** EXERCISE **
Write out exactly the lines from the one that contains "- Udoratina O.V., Kulikova" down to the last line of the material below, keeping both ends and omitting pictures.

** EXERCISE DATA **
○ ○ ○ ○

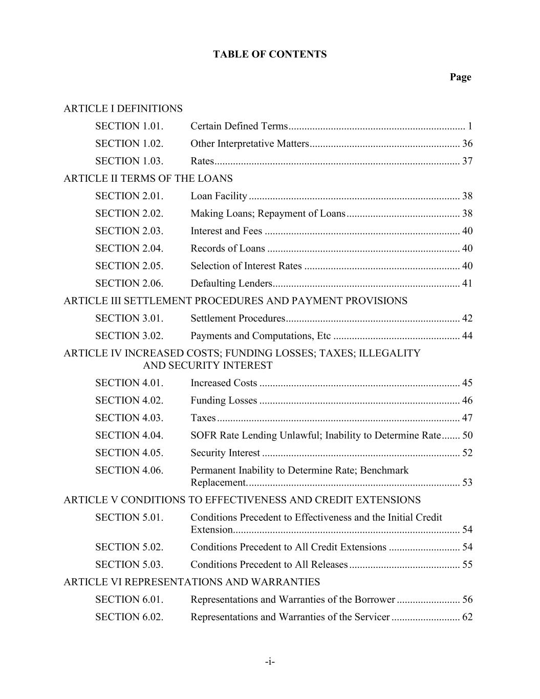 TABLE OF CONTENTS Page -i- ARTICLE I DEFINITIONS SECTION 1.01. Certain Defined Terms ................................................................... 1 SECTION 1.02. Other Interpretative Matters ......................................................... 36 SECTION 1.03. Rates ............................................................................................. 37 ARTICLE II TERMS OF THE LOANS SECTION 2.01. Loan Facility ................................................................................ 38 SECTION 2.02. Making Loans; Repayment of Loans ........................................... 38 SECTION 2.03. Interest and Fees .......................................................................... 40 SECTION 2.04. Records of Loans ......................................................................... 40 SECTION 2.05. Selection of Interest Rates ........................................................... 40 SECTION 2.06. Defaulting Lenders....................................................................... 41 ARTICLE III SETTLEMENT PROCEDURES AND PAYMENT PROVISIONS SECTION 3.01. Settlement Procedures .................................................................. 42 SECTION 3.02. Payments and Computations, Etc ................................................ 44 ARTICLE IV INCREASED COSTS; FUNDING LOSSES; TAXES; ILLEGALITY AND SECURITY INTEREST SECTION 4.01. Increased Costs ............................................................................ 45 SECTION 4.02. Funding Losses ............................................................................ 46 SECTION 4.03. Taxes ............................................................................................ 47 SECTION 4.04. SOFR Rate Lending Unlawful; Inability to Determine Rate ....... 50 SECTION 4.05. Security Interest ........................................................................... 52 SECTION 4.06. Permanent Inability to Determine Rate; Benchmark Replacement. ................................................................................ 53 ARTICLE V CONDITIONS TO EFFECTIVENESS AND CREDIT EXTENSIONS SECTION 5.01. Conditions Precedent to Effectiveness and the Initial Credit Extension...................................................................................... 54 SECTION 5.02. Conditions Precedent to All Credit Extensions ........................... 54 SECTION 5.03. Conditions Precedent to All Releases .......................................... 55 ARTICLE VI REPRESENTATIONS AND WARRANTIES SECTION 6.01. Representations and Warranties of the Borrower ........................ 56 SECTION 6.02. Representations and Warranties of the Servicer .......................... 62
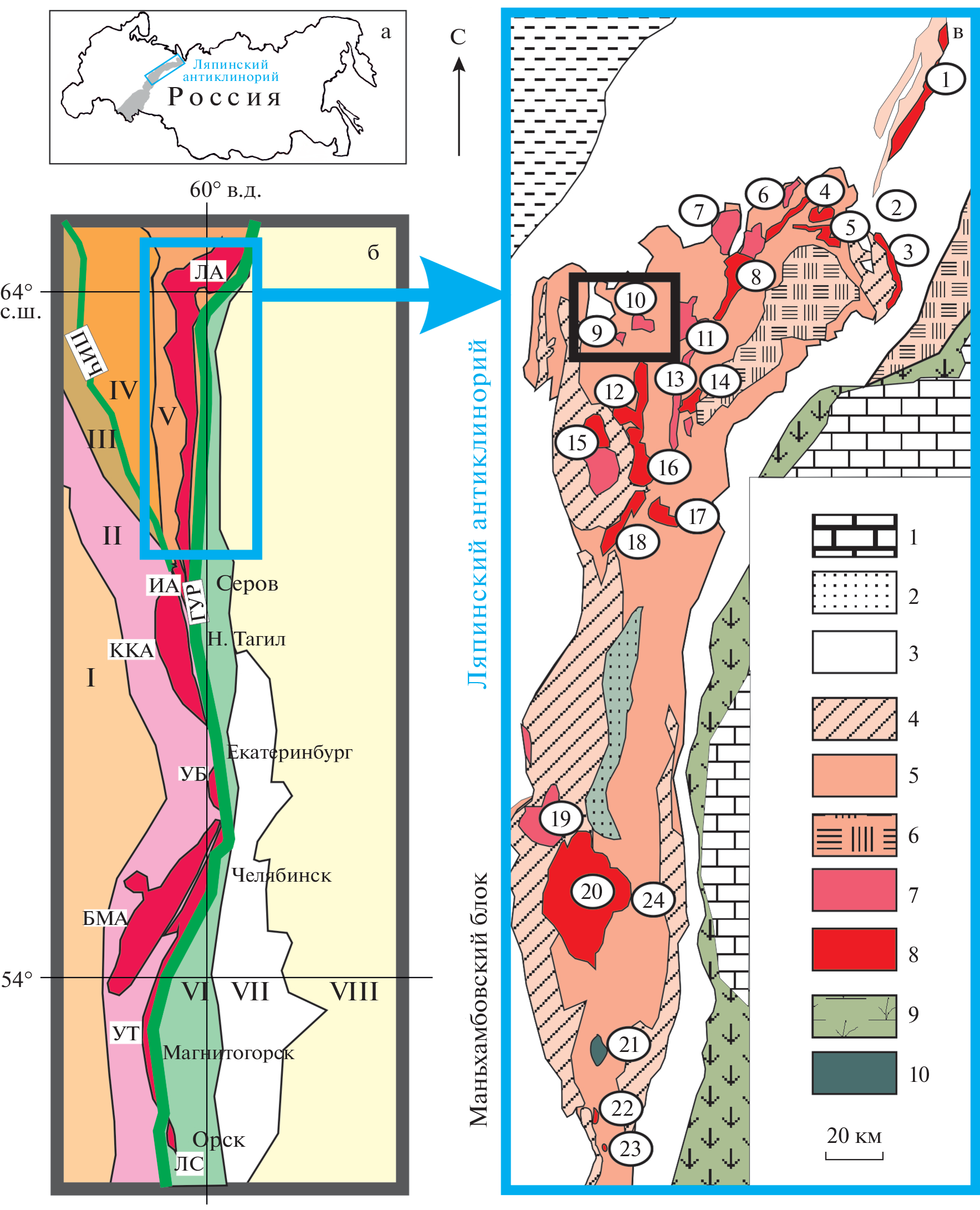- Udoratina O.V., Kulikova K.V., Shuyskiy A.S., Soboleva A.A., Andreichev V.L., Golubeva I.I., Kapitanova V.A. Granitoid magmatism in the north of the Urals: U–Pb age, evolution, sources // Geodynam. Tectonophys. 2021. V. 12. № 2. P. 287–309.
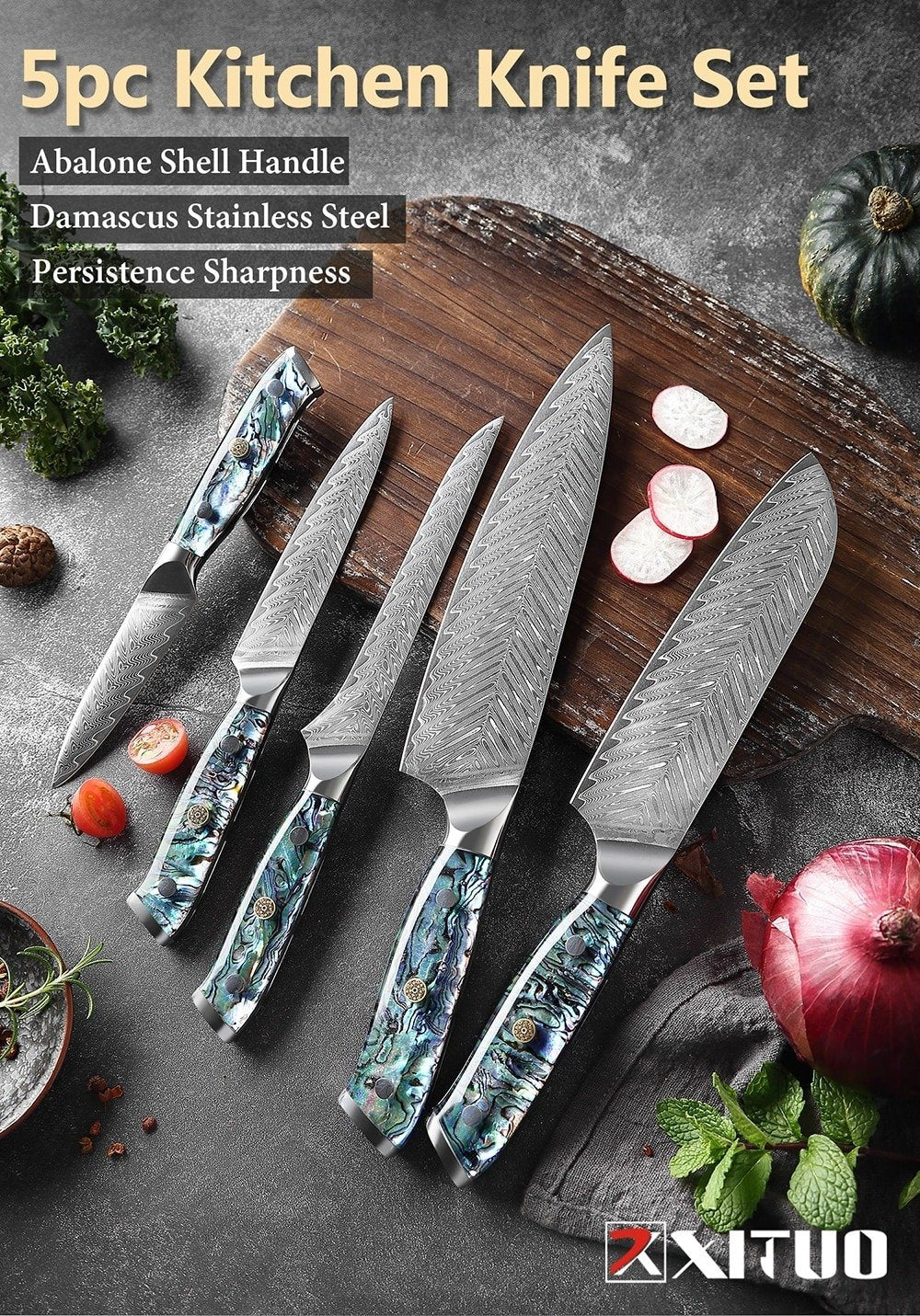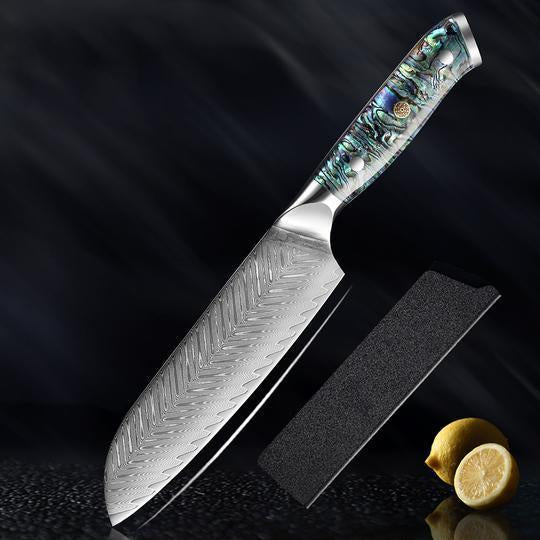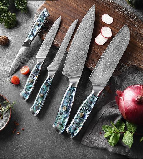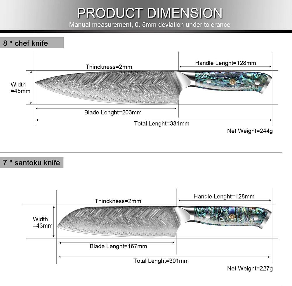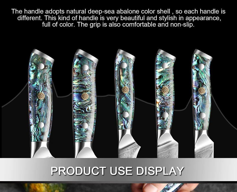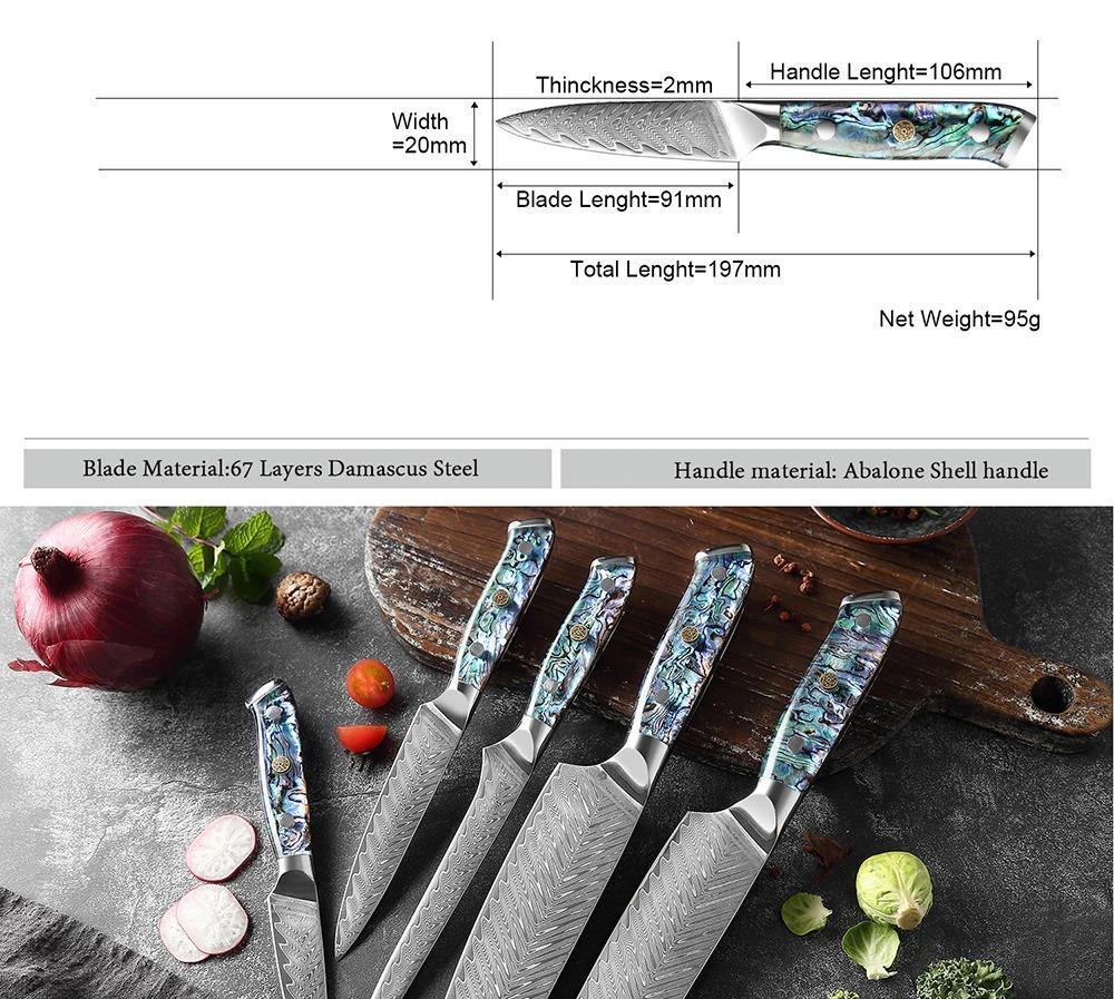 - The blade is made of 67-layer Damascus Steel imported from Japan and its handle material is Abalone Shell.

○ ○ ○ ○

** WORKED SOLUTION **
- Udoratina O.V., Kulikova K.V., Shuyskiy A.S., Soboleva A.A., Andreichev V.L., Golubeva I.I., Kapitanova V.A. Granitoid magmatism in the north of the Urals: U–Pb age, evolution, sources // Geodynam. Tectonophys. 2021. V. 12. № 2. P. 287–309.
 - The blade is made of 67-layer Damascus Steel imported from Japan and its handle material is Abalone Shell.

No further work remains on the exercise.